“Well, there is a solution to layoffs — start charging for online content, I’d pay … seriously. Why not?”
That was the first comment, by “Eric,” posted on the New York Times’ Media Decoder blog about the latest round of layoffs to hit the paper’s newsroom. (Executive editor Bill Keller made the announcement Monday afternoon – see his e-mail here.)
Quite a few of the 557 comments (and counting) on the Times’ story echoed this sentiment (by Mediaite’s count, 32 percent of them.)
The comments on the post are serving as a sort of free paid content focus group and, perhaps unwittingly, a think tank for potential online business models for the Times to pursue.

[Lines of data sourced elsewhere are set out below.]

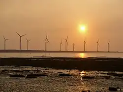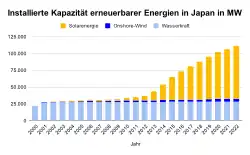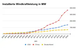 Onshore-Wind wächst stark und 2022 waren bereits mehr als 24 Gigawatt an Kapazität am Netz.[6] Stand April 2023 ist noch kein Offshore-Windpark in Betrieb. Die technisch mögliche Offshore-Kapazität allein mit festinstallierten Anlagen in Wassertiefen bis 50 m wird auf 480[102] bzw. bis zu 700 GW geschätzt.[100]
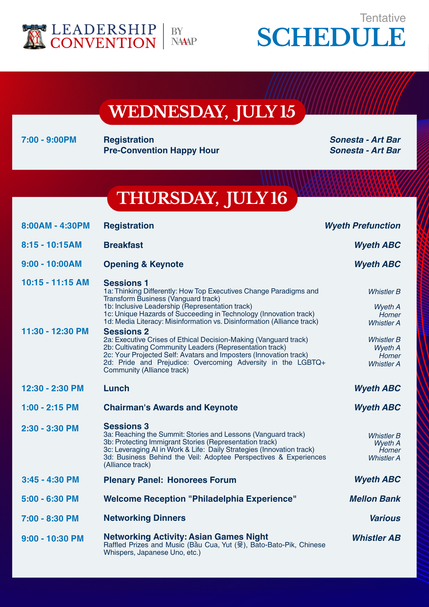 The 39th annual Leadership Convention by NAAAP is coming to the Sonesta Philadelphia hotel from Thursday, July 16 to Sunday, July 19, 2026. In this “City of Firsts”, NAAAP will be celebrating the 250th anniversary of the U.S. in the place where this country started and where NAAAP has never had a convention.
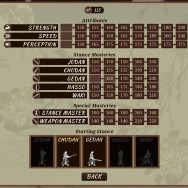 また、本作で行われる戦闘はターンベース制。標準的な攻撃、アクティブな防御に加え、中段、下段、八相など、いわゆる「五行の構え」も導入された戦略的な戦いが楽しめます。7つ存在する道場のマスターと"Emperor"を倒すことが目的となるようです。
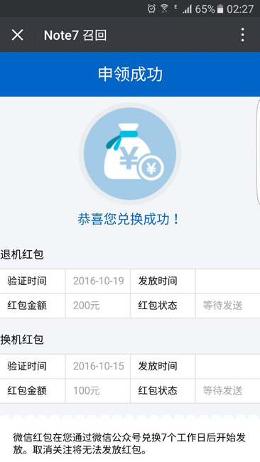 為什么note7,14號(hào)退的換了s7到今天都沒(méi)有收到紅包?

Like this one, from “Harlan”:
Here’s my idea: I don’t want have to decide *before* I read an article whether I want to pay for it, I want to decide *after*. To that end, I propose the following micropayment system. If I want to get content from a consortium of providers (say, anything owned by The New York Times Company, or Time-Warner, or Seed Media Group, or a group of publishers that set up their own consortium), I set up an account, pay my $50/year, and get access. If I like a piece of content (article, podcast, interactive graphic, whatever), I click the “Tip the Author(s)” button, and a chunk of my $50, maybe 10 cents, gets redirected to the actual people creating the content I actually like (not just start to read). If I don’t use up my $50 for the year, it just gets split internally by the consortium. This way, readers have control over where the money goes and get to associate “paying money” with “feeling good about what they read”, providers get cash, and the best providers get the most cash.
Another commenter put it this way:
“[P]ut this damn site behind a pay wall already. jesus christ – STOP GIVING AWAY YOUR EXCELLENT CONTENT FOR FREE – its that simple!”
But, as “Bill Mills” pointed out, “a few thousand people paying for the web version won’t keep the Times (or any newspaper) afloat. The problem is that without print readership, ad rates have tanked. Ad rates per eyeball on the web will never be what they were for print.”
For those of you into monitoring the great debate over paid content, the whole thing is a fascinating read.